As the water content in the production increased, the subsea chokes needed more frequent adjustment. Statoil decided to install an electric choke control and sand detection system to resolve this challenge. The company installed the first prototype in December 2001; the full 16-well system was completed in September 2002 and has been in continuous operation since then.

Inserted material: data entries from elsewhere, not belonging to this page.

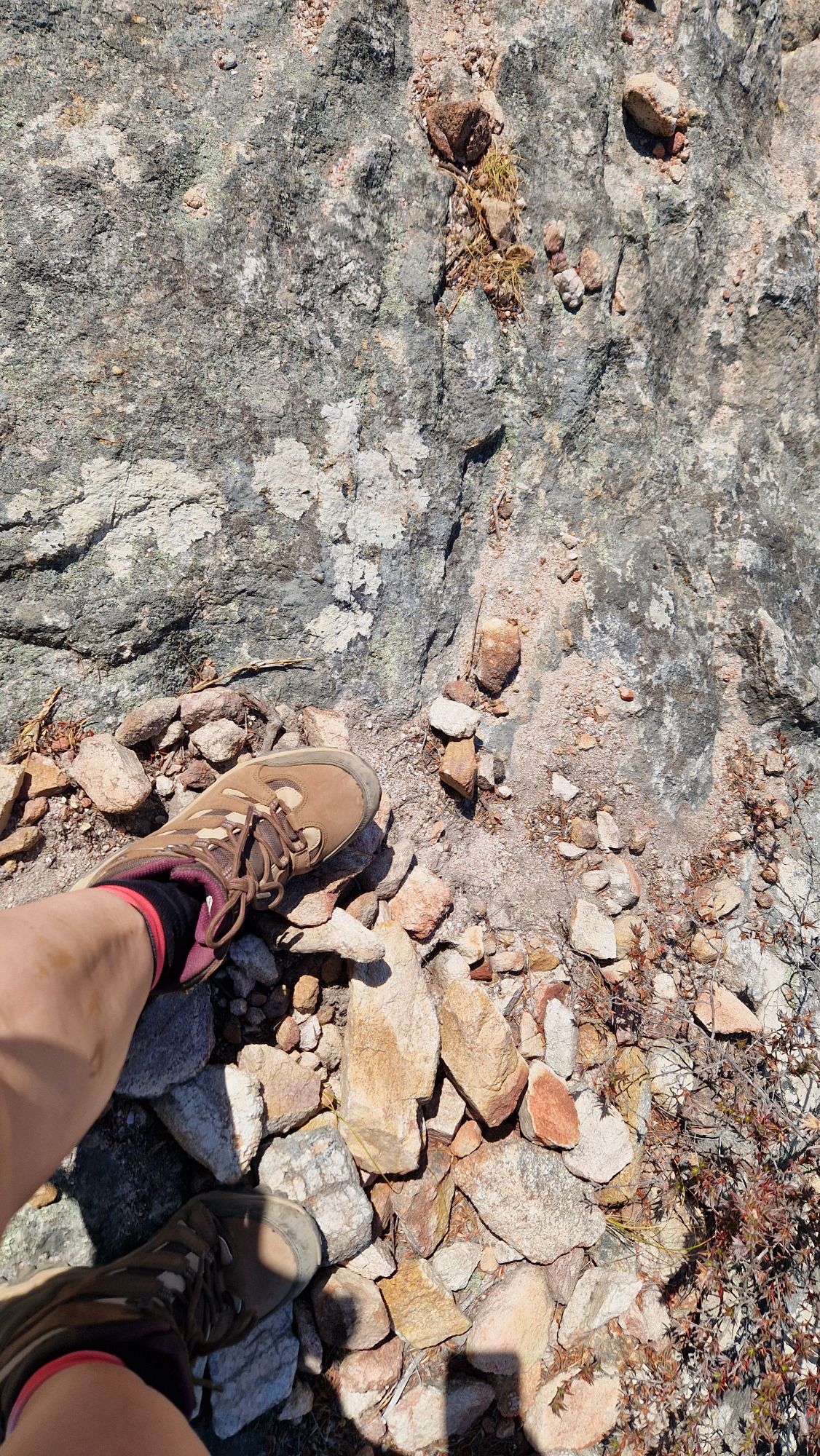 Was man wissen muss, bevor man sich auf den Weg macht: Wandern in Südafrika ist häufig abenteuerlich. Man steigt über riesige Felsbrocken, schlittert glatte Steinwände entlang, zieht sich an Stahlketten hoch und muss die Füße gut anheben, weil man sonst über Geröll fällt. Wanderschuhe sind eine Notwendigkeit, genauso Stöcke, mit denen man sich abstützt, hochstemmt, die einfach permanent gebraucht werden. Mittendrin sagte ich zu meinem Vater: „Ich bin grade so dankbar für meine Wanderschuhe und vor allem für die gute Sohle.“ Und wirklich, ohne ein Profil lässt sich so ein Gelände nicht bezwingen. Ich war mal vor ein paar Jahren in Birkenstocks auf den spiegelglatten Paarl-Mountains, da bin ich nur so herumgerutscht. Das wird mir hier nicht nochmal passieren.
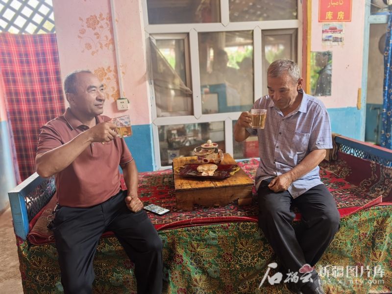 院中小桌上,茶杯里盛着金黄透亮的茶。“以前烧水放半块砖茶,只为盖住苦咸味。现在一小撮茶叶就满院香。”麦合木提感慨。这茶香,是生活品质的见证。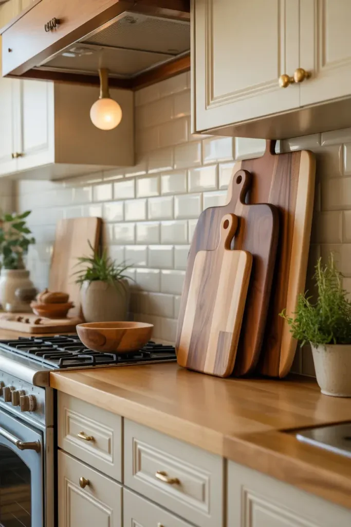 Here’s the thing—cutting boards don’t need to be hidden away. Lean a couple of wooden boards against the backsplash, and suddenly your kitchen feels warmer.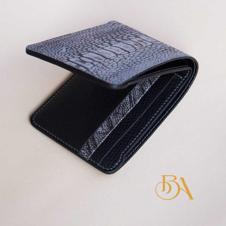 Ví da đà điểu Handmade màu xanh đen, ví nam da đà điểu Nam Phi OWL102

FMC retrofitted the electric choke control system without shutting down production and without interfering with the existing electro-hydraulic control system. Rechargeable subsea batteries made this possible. The batteries drive the electric actuators and are integrated with the electric communication system through the existing umbilical. This technology has demonstrated its suitability for upgrading and modifying existing fields for improved functionality as operational parameters change over the fields' lifetime.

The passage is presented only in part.